The synthesis method of 1H-pyrrole-3-formonitrile, 2-amino-4,5-dimethyl-1 - (phenylmethyl) is involved in the field of organic synthesis. There are many methods, which are briefly described below.
First, a compound containing a pyrrole structure is used as the starting material. A suitable pyrrole derivative can be taken first and modified at a specific position. For example, starting with 2-methyl-4-nitropyrrole, the nitro group is converted into an amino group through a reduction reaction. Commonly used reducing agents such as iron-hydrochloric acid system or hydrogen-palladium carbon catalyst can obtain 2-methyl-4-amino pyrrole. Subsequently, cyano is introduced at the 3-position of pyrrole, and this step can be achieved by means of a nucleophilic substitution reaction, using halogenated cyanide as a reagent and catalyzed by an appropriate base. Furthermore, the 1-position is alkylated, and halobenzyl is used as an alkylating agent. In the presence of a base, 1- (phenylmethyl) -2-methyl-4-amino-3-cyanopyrrole can be formed. After that, the 5-position is methylated, and methylating reagents such as iodomethane can be selected. Under alkali catalysis, the synthesis of 2-amino-4,5-dimethyl-1- (phenylmethyl) -1H-pyrrole-3-formonitrile can be completed.

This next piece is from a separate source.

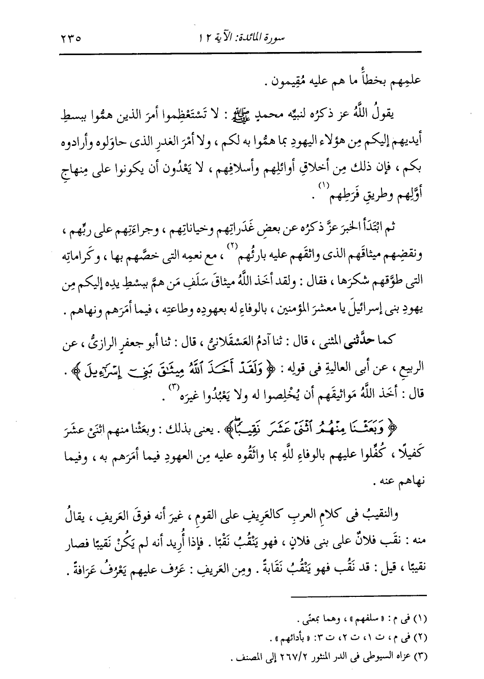 حَدَّثَنِي الْمُثَنَّى , قَالَ: ثنا آدَمُ الْعَسْقَلَانِيُّ , قَالَ: ثنا أَبُو جَعْفَرٍ الرَّازِيُّ , عَنِ الرَّبِيعِ , عَنْ أَبِي الْعَالِيَةِ , فِي قَوْلِهِ: {§وَلَقَدْ أَخَذَ اللَّهُ مِيثَاقَ بَنِي إِسْرَائِيلَ} [المائدة: 12] قَالَ: " أَخَذَ اللَّهُ مَوَاثِيقَهُمْ أَنْ يُخْلِصُوا لَهُ وَلَا يَعْبُدُوا غَيْرَهُ {وَبَعَثَنَا مِنْهُمُ} [المائدة: 12] يَعْنِي بِذَلِكَ: وَبَعَثَنَا مِنْهُمُ اثْنَيْ عَشَرَ كَفِيلًا , كَفَلُوا عَلَيْهِمْ بِالْوَفَاءِ لِلَّهِ بِمَا وَاثَقُوهُ عَلَيْهِ مِنَ الْعُهُودِ فِيمَا أَمَرَهُمْ بِهِ , وَفِيمَا نَهَاهُمْ عَنْهُ. وَالنَّقِيبُ فِي كَلَامِ الْعَرَبِ , كَالْعَرِيفِ عَلَى الْقَوْمِ , غَيْرَ أَنَّهُ فَوْقَ الْعَرِيفِ , يُقَالَ مِنْهُ: نَقَبَ فُلَانٌ عَلَى بَنِي فُلَانٍ فَهُوَ يَنْقُبُ نَقَبًا , فَإِذَا أُرِيدَ أَنَّهُ لَمْ يَكُنْ نَقِيبًا فَصَارَ نَقِيبًا , قِيلَ: قَدْ نَقَبَ فَهُوَ يَنْقَبُ نَقَابَةً , وَمِنَ الْعَرِيفِ: عَرَفَ عَلَيْهِمْ يَعْرِفُ عِرَافَةً. -[236]- فَأَمَّا الْمَنَاكِبُ فَإِنَّهُمْ كَالْأَعْوَانِ يَكُونُونَ مَعَ الْعُرَفَاءِ , وَاحِدُهُمْ مَنْكِبٌ. وَكَانَ بَعْضُ أَهْلِ الْعِلْمِ بِالْعَرَبِيَّةِ يَقُولُ: هُوَ الْأَمِينُ الضَّامِنُ عَلَى الْقَوْمِ. فَأَمَّا أَهْلُ التَّأْوِيلِ فَإِنَّهُمْ قَدِ اخْتَلَفُوا بَيْنَهُمْ فِي تَأْوِيلِهِ , فَقَالَ بَعْضُهُمْ: هُوَ الشَّاهِدُ عَلَى قَوْمِهِ "
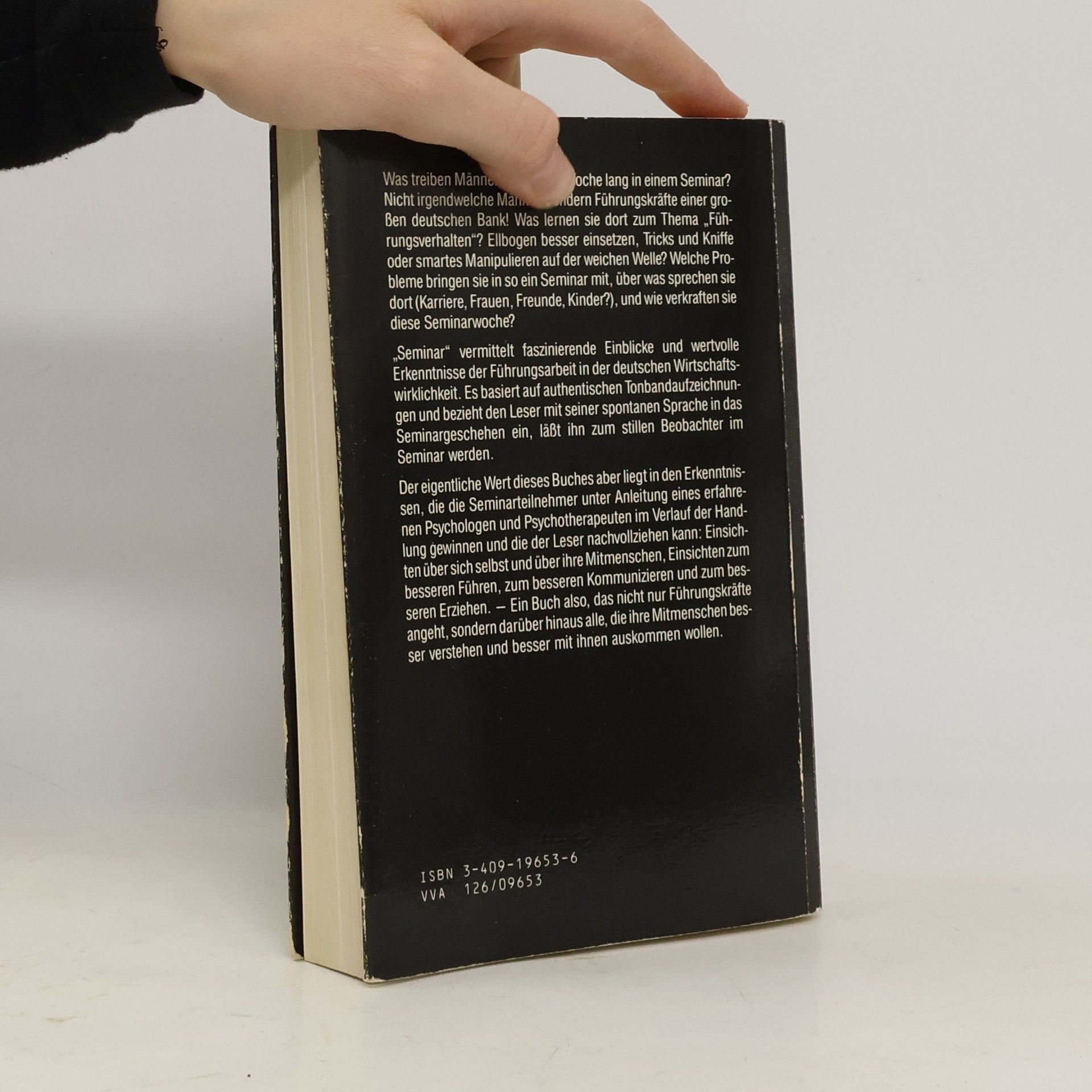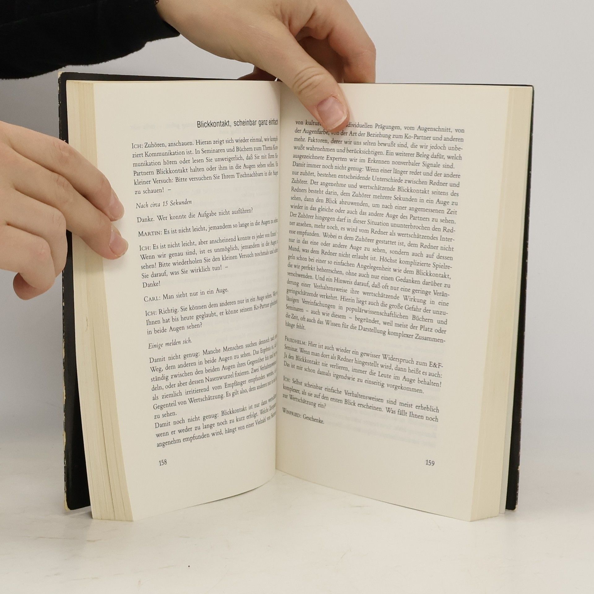 InhaltsverzeichnisÜber das Buch.Montag abend.Begrüßung der Teilnehmer.Seminarerwartungen der Teilnehmer.Sechs Besonderheiten des Seminars.Dienstag vormittag.Roter Faden (1).Besprechung der ersten Eindrücke der Teilnehmer vom Seminarleiter.Nonverbale Kommunikation.Vorbemerkung zu den Feedbacks.Das „SIDA-Schema“.Roter Faden (2).Vorbereitung auf die Feedbacks.Feedback-Regeln.1. Feedback (für Carl).Dienstag nachmittag.2. Feedback (für Martin).3. Feedback (für Winfried).Kommunikationsstörungen im Bereich der Sach-Aussage: „Verständlichkeit“ und „Stimulanz“.Kommunikationsstörungen im Bereich der Ich-Aussage: „Offenheit“.4. Feedback (für Wolfhard).Der „Dornröschen-Effekt“.Dienstag abend.5. Feedback (für Mischa).6. Feedback (für Heinz).Mittwoch vormittag.Roter Faden (3).Kommunikationsstörungen im Bereich der Du-Aussage: „Wertschätzung“.„Wertschätzung“ und „Lenkung“ in der Kindererziehung.Kommunikationsstörungen im Bereich der Aufforderung: „Direktheit“.Vier Hauptgebote guter Kommunikation.Mittwoch nachmittag.Deformationsmechanismen menschlicher Wahrnehmung.Zum „Klecksbild“.Auswirkungen von Bezugssystemen.Auswirkungen von Bezugssystemen im SIDA-Modell der Kommunikation.Aggressionen als Liebeserklärungen.Weitere Experimente zum Thema „Bezugssysteme“.Roter Faden (4).Zwei Merksätze zum SIDA-Modell der Kommunikation.7. Feedback (für Ernst).Ein ausführliches Fallbeispiel zur Anwendung des SIDA-Modells der Kommunikation.Weitreichende Konsequenzen aus dem Fallbeispiel.Mittwoch abend.8. Feedback (für Friedhelm).9. Feedback (für Albert).Donnerstag vormittag.Entstehung von Ko-Störungen im SIDA-Modell.Formen defensiven und aggressivenKo-Verhaltens.Verhaltensweisen, die zur Vermeidung oder Beseitigung von Ko-Störungen geeignet sind.Roter Faden (5).Die „10 Wertschätzungsgebote“.Vorbereitung auf die Rollenspiele.Donnerstag nachmittag.Erstes Rollenspiel.Lernpunkte aus dem ersten Rollenspiel.Zweites Rollenspiel.Donnerstag abend.Lernpunkte aus dem zweiten Rollenspiel.Wurden die Teilnehmer manipuliert?.Freitag vormittag.Drittes Rollenspiel.Auswertung und Lernpunkte des dritten Rollenspiels.Abschlußphase des Seminars.Anmerkungen.

Second, the strategy of constructing pyrrole rings can also be adopted. Using 1,4-dicarbonyl compound and ammonia or amine as raw materials, under acidic or basic catalysis, the pyrrole ring is constructed by Paal-Knorr reaction. For example, with 2,5-hexanedione and aniline as starting materials, under the catalysis of p-toluenesulfonic acid, 2-methyl-4-phenylpyrrole is formed. Subsequently, amino, cyano and methyl groups are introduced into the pyrrole ring at specific positions in a similar manner as described above to achieve the synthesis of the target product. Precise control of each reaction condition, such as temperature, reaction time and reagent dosage, is required to obtain a product with good yield and purity.

1H-pyrrole-3-formonitrile, 2-amino-4,5-dimethyl-1- (phenylmethyl), has unique characteristics in chemical reactions.
The structure of this compound is specific, and its pyrrole ring is connected to cyano, amino, dimethyl and benzyl, which gives it unique reactivity. Pyrrole ring has electron-rich properties, which is easy to attract electrophilic reagents to attack, resulting in electrophilic substitution reactions on the ring, such as halogenation, nitration, sulfonation, etc. The amino group is a strong electron donor group, which can strengthen the electron cloud density of the pyrrole ring and make the electrophilic substitution easier. The amino group can participate in many reactions, such as salting with acids and condensing with aldones and ketones to form Schiff bases. Cyanyl is chemically active and can be hydrolyzed to carboxyl groups, or reduced to amino groups, expanding the reaction path.
The effect of steric resistance cannot be ignored. The presence of methyl and benzyl groups in the molecule increases the steric resistance. This has a great impact on the selectivity of the reaction. When the electrophilic reagent attacks, it tends to have a check point with small steric resistance. For example, electrophilic substitution, the reagent is more likely to attack the unsubstituted pyrrole ring and the space is open.
Furthermore, the aromaticity of this compound also affects the reaction The pyrrole ring conforms to the Hocker rule and has a certain aromaticity, which makes it relatively stable. When participating in the reaction, it will maintain the aromatic structure. For example, in the electrophilic substitution, the aromatic system is still retained after the reaction to maintain stability.
In terms of solubility, due to the presence of polar groups such as amino and cyano, as well as non-polar benzyl and methyl, it has certain solubility in both polar and non-polar solvents. The reaction rate and equilibrium can be adjusted according to the reaction demand.